- Born: Joseph Fryer July 29, 1977 (age 48)
- Education: Northwestern University Medill School of Journalism
- Occupation: Journalist
- Employer: NBC News
- Known for: Reporter at KING-TV and KARE-TV. NBC News correspondent
- Partner: Peter (c. 2008–present)

= Joe Fryer (journalist) =

American journalist

Joe Fryer (born July 29, 1977) is an American journalist working for NBC News as a correspondent, co-anchor of streaming show Morning News Now with Savannah Sellers on NBC News Now, and feature anchor for the Saturday edition of Weekend Today.

Fryer joined NBC News in 2013 as a part-time correspondent and officially joined NBC News as a full-time correspondent on October 21, 2013, and Fryer also serves as a weekday & weekend fill-in and substitute anchor for Today, Saturday Today, Sunday Today with Willie Geist and NBC Nightly News.

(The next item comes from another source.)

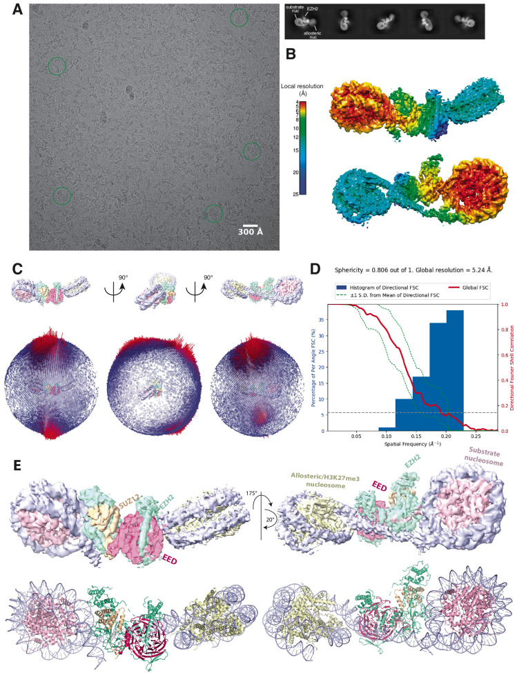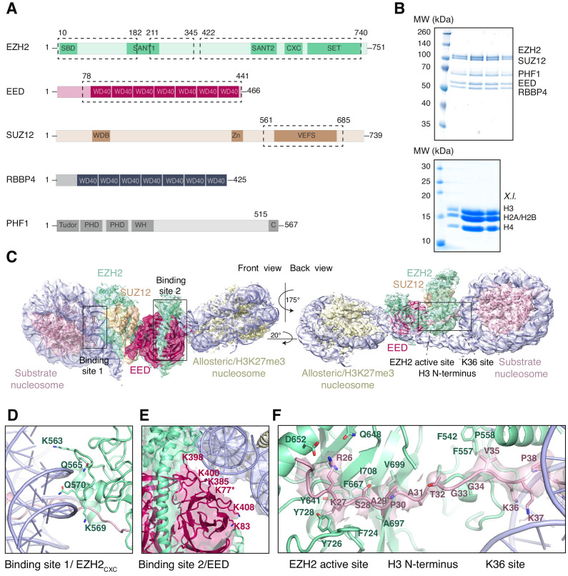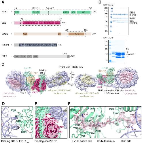 Poepsel, Cryo-EM structures of PRC2 simultaneously engaged with two functionally distinct nucleosomes. 2018, Pubmed

He reports for all platforms of NBC News including Today, Weekend Today, and NBC Nightly News.

Before joining NBC, Fryer was a reporter for KING-TV, the NBC affiliate in Seattle, Washington.

==Career==
Fryer has worked for KARE-TV in Minneapolis, Minnesota; WTVF–TV in Nashville, Tennessee; WBAY-TV in Green Bay, Wisconsin; and WKYT-TV in Lexington, Kentucky.

In 2014, Fryer won an Emmy with photojournalist Jeff Christian in the category of "Feature News Report." He also won in the writing category for his composite "Fryer's Favorite Features."

In October 2020, Fryer was named co-anchor with Savannah Sellers of brand-new streaming show Morning News Now on NBC News Now from 7am-12pm weekdays. Then, in 2023, Fryer was officially named the feature anchor for the Saturday edition of Weekend Today.